Rezai H, Ardehali S, Teplitz R L
Department of Medical Pathology, School of Medicine, University of California, Davis 95616.
Immunol Invest. 1989 Jun;18(5):671-88. doi: 10.3109/08820138909057754.

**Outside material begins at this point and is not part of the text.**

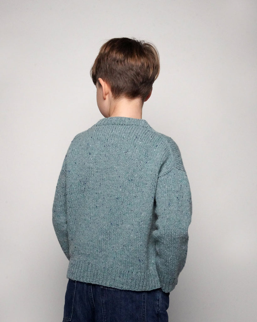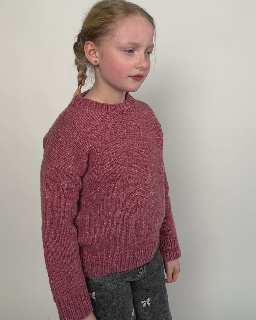 Langø Sweater bliver uden tvivl barnets nye yndlingssweater, som kan bruges året rundt! Sweateren har en god rummelig pasform kombineret med en hals i rib. Da den strikkes oppefra og ned, kan længden let reguleres. Langø Sweater strikkes i vores bløde Tweed i 100% merinould.

The interaction of the immune complex (IC) composed of DNA and monoclonal anti-DNA antibody with thioglycollate-stimulated mouse peritoneal macrophages was investigated. The immune complex: macrophage interaction was shown to be highly time and temperature dependent; at 37 degrees C it proceeds faster than at 0 degrees C, although there is higher overall binding of IC to macrophages at 0 degrees C. The maximum bound IC detected was at a DNA/antibody ratio of 6.2ng/ml to 7.3 micrograms/ml. Higher densities of either DNA or antibody inhibited IC: phagocyte interaction. Binding of the IC to macrophages is through cell surface Fc receptors and is enhanced in the presence of 40 mg/ml albumin. Fresh human and mouse sera at the concentration of 10 percent, inhibited the IC binding to mouse peritoneal macrophages. Macrophage receptors for IC are not saturated even after 60 minutes. Addition of either chloroquine or cytochalasin B, resulted in increased binding of IC to macrophages.
研究了由DNA和单克隆抗DNA抗体组成的免疫复合物(IC)与巯基乙酸盐刺激的小鼠腹腔巨噬细胞的相互作用。免疫复合物与巨噬细胞的相互作用显示出高度的时间和温度依赖性;在37℃时比在0℃时进行得更快,尽管在0℃时IC与巨噬细胞的总体结合更高。检测到的最大结合IC是在DNA/抗体比例为6.2纳克/毫升至7.3微克/毫升时。DNA或抗体的更高密度会抑制IC与吞噬细胞的相互作用。IC与巨噬细胞的结合是通过细胞表面Fc受体,并且在存在40毫克/毫升白蛋白的情况下会增强。浓度为10%的新鲜人血清和小鼠血清会抑制IC与小鼠腹腔巨噬细胞的结合。即使在60分钟后,巨噬细胞对IC的受体也未饱和。添加氯喹或细胞松弛素B会导致IC与巨噬细胞的结合增加。